Plastika faces competition problems
The results of Slovak plastics producer, Plastika a.s. Nitra, for the first quarter of 1998 (1Q98) confirmed the suspicions of analysts from the Dutch investment bank ING Barings that the company would not be able to survive in the long-term without merging with a strong multinational company.
In 1997, Plastika faced growing problems with competition on domestic and export markets. The company's profit was also adversely affected by a weak Czech crown and high interest rates. Plastika reported that its net profit for the first quarter of 1998 was only 1.2 million Slovak crowns (Sk) - $ 35,000 - which is a mere 30% of 1997's figure despite strong growth in the construction sector in 1Q98.
Plastika posted a pre-tax profit of 75.5 million Sk ($ 2.2 million) for 1997, which is 26% down from 1996. Net profit was 45 million Sk, which corresponds to an earning per share of 65 Sk. The annual general meeting decided to pay out a dividend of 25 Sk per share, up from 10 Sk in 1996. This corresponds to a 40% pay-out ratio, and at the current share price of 355 Sk, the dividend yield is 7.04%.
The company's results signal that problems with fierce competition are increasing. Therefore, ING analysts have argued, Plastika will become a target for acquisition by a multinational corporate in the mid-term horizon.
Imuna operates below capacity
Imuna Šarišské Michaľany, the only plasma processor and a blood derivates producer in Slovakia, was forced to cut its production to 80% of capacity, due to the long-term crisis in Slovak healthcare.
According to Peter Schvalb, the Production Director at Imuna, the company has not been able for a long time to decrease its volume of liabilities, with company turnover at 141 million Sk ($4.1 million) and receivables standing at 193 million Sk ($ 5.7 million).
60% of Imuna's receivables are owed by Slovak hospitals, which absorb 80% of the company's production. Because only 50% of production is covered in the payment term, the company cannot operate at full capacity. Schvalb confirmed that in the past six months the factory had twice had to cut the salaries of 100 of its 630 total employees to 60% of their normal monthly wages.
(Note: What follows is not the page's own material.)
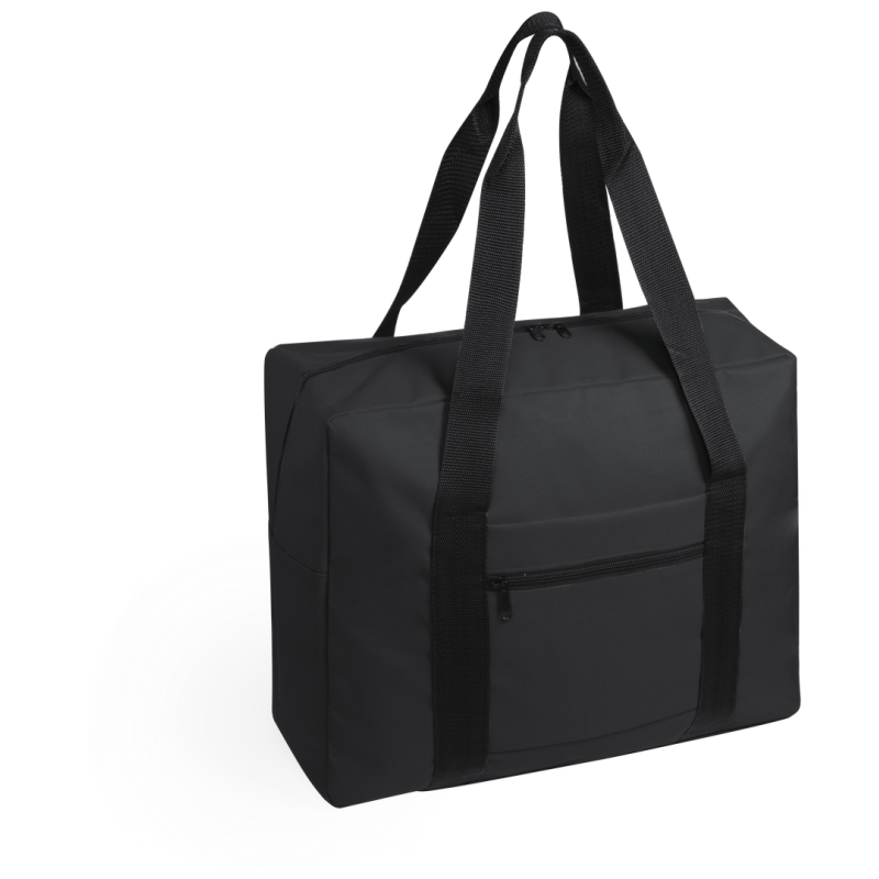 Bolso multiusos en resistente poliéster 600D y desenfadado diseño bicolor. Compartimento principal con cierre de cremallera y doble tirador, con accesorio de ajuste en trolley, resistentes asas de nylon y bolsillo lateral de cremallera.

"Given the fact that our current technology doesn't meet rigid international norms, Imuna is not GMP certified and so cannot sell its products on the western European market," said Schvalb, adding that Imuna's further development depends on reconstruction of the factory, a project requiring about 835 million Sk.
Nafta Gbely suffers profit decline
According to the stock market, the Slovak oil company Nafta Gbely recorded a net profit of 200 million Sk ($5.9 million) in 1Q98, which compared to the same period last year represents a 3.3 million Sk ($0.1 million) decline.
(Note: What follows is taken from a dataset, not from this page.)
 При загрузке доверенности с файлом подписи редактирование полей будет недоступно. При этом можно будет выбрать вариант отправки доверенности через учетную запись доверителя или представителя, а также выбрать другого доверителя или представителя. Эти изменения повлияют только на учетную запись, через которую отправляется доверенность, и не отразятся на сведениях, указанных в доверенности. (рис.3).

Company sales of goods reached 85.5 million Sk, while sales of all company products climbed to 666.3 million Sk. Production volume hit 658 million Sk. The company's total assets stood at almost 9.45 billion Sk by March 31 of this year, which translates into an annual boost of 2.07 billion Sk. This rise was caused mainly by an increase in financial investments, which increased by 1.38 billion Sk.
Nafta Gbely's basic capital is more than 3.23 billion Sk. The company is involved in coal mining, gas storage, geological surveying and engineering and building initiatives.
Last year, the company's after-tax profit reached 317.8 million Sk, or 98,4 crowns per share. Compared to 1996, this result was down 38%.